A Muvek conecta essas três frentes para que o plano seja executável e seus efeitos possam ser explicados.

Consultoria de PCP na prática: cases

Os cases demonstram como a estrutura de PCP varia conforme o processo industrial.

Cadeia automotiva

Estruturas de produto, roteiros, MRP, carga máquina, apontamentos e estoques foram reorganizados em uma fornecedora de montadora. O projeto documentou 99% de pontualidade, redução de 25% na necessidade de capital de giro e aumento de 8 pontos percentuais na margem de contribuição.

Ver case da cadeia automotiva

Indústria alimentícia

Processos, cadastros, estruturas e parâmetros de planejamento foram revistos. O projeto documentou redução de 95% nos atrasos, eliminação das compras emergenciais no período acompanhado e redução de 80% nos estoques.

Ver case da indústria alimentícia

Máquinas e equipamentos

Estruturas, roteiros, materiais, capacidade e sequenciamento foram reorganizados. O case registra OTIF superior a 95%, compras emergenciais reduzidas a zero no período acompanhado e preservação do ERP existente.

Ver case de máquinas e equipamentos

Consulte os demais cases de gestão industrial e a aplicação da metodologia por setor industrial.

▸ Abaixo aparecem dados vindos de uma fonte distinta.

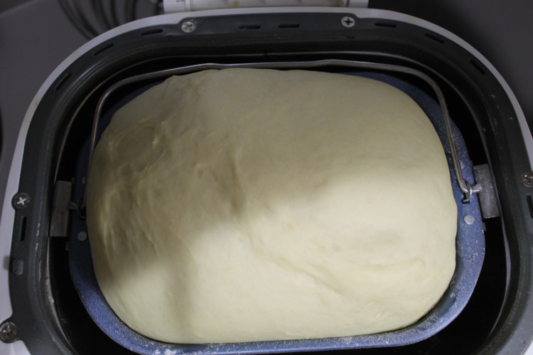 11. Next is to let the dough rise for 1 hour or until doubled in size. I allow the dough to rise in the bread maker. If you don’t have one, place your dough ball in a greased bowl and cover with a damp towel. If your house is a bit cold, you can let the dough rise in the microwave like you did with the yeast. Just be sure not to turn it on.

Perguntas frequentes sobre consultoria de PCP

Qual é a diferença entre MRP I e MRP II?
MRP I calcula necessidades líquidas de materiais com base em demanda, Plano Mestre de Produção, estruturas de produto, estoques, recebimentos programados, lead times e políticas de lote. MRP II amplia o planejamento para os recursos de manufatura, incorporando capacidade, calendários, centros de trabalho, retroalimentação da execução e integração com outras dimensões do planejamento industrial.
Por que o planejado diverge do executado mesmo com ERP em operação?
O ERP processa estruturas, parâmetros, calendários, estoques e transações. Quando esses elementos deixam de representar o processo real, o plano perde aderência à execução. A divergência pode nascer de BOM, roteiro, tempo, estoque, lead time, lote, capacidade, apontamento ou mudança de prioridade, sem que isso signifique falha do ERP.
O que é carga máquina e por que ela precisa ser revisada?
Carga máquina é a quantidade de trabalho alocada a uma máquina ou centro produtivo em determinado período. Ela precisa ser comparada à capacidade disponível no mesmo horizonte, considerando turnos, calendários, eficiência, manutenção, setups e restrições. Mudanças de mix, processo, equipamento ou jornada podem alterar a relação entre carga e capacidade.
Como o S&OP se conecta ao PCP e ao custeio?
S&OP equilibra demanda, capacidade, estoques e objetivos financeiros em nível agregado. O PCP desdobra essas decisões em planos de itens, materiais, recursos e ordens. O custeio utiliza volume, mix, capacidade e consumo para explicar os efeitos econômicos. Quando esses processos utilizam bases incompatíveis, a decisão tática e a execução deixam de representar a mesma operação.
A consultoria de PCP da Muvek substitui o módulo de planejamento do ERP?
Não. A Muvek não substitui nem implanta o módulo. A consultoria estrutura e valida processos, dados mestres, regras de negócio e critérios de planejamento que o ERP existente precisa representar. A implementação técnica permanece com a equipe de TI ou com a implementadora responsável.